Mrs Banks said: "I was determined that her legacy would live on through my fundraising and raising awareness for others.
" I truly believe in the charity’s vision that together, by 2050, people will get breast cancer however they will live and live well but only if we all act now “
Wear It Pink is one of the UK’s biggest fundraising events. Each year thousands of people across the UK wear pink and fundraise for Breast Cancer Now.
This is its 20th year, with more than £36 million raised since 2002.
Since March 2020,when coronavirus first gripped the country, the doors to hundreds of Breast Cancer Now’s community support events have had to close.
“Breast cancer hasn’t stopped for the pandemic."

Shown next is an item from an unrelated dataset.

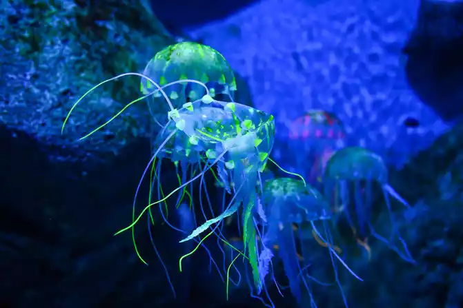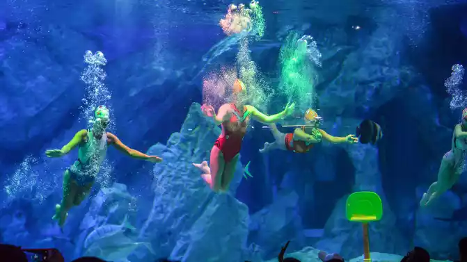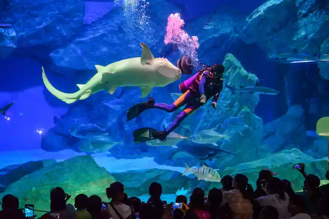 After passing through the undersea tunnel, you will arrive at the core shark performance area, the most exciting is the undersea ballet, where people and sharks dance together

Researchers were kept out of their laboratories for 100 days or more and the charity says this has taken away vital lifelines from people that need them, and research is at risk of slowing.
Summer Kendrick, Wear It Pink manager at Breast Cancer Now, said:"The pandemic has had a huge impact on Breast Cancer Now’s ability to deliver the progress and support that people affected by breast cancer rely on us for now more than ever.
“Breast cancer hasn’t stopped for the pandemic.
"Over the past year people have been diagnosed with the disease at a time when everything from treatment to screenings have been disrupted, making the support that we provide, and the hope our research generates, a vital lifeline."
Breast cancer is the UK’s most common cancer, with around 55,000 women and 370 men being diagnosed each year.
An estimated 600,000 people in the UK are alive after a diagnosis and one in seven women will develop the disease in their lifetime.
Around 11,500 women and 80 men still die from it every year in the UK, with hundreds of thousands more living with the long-term physical and emotional impacts.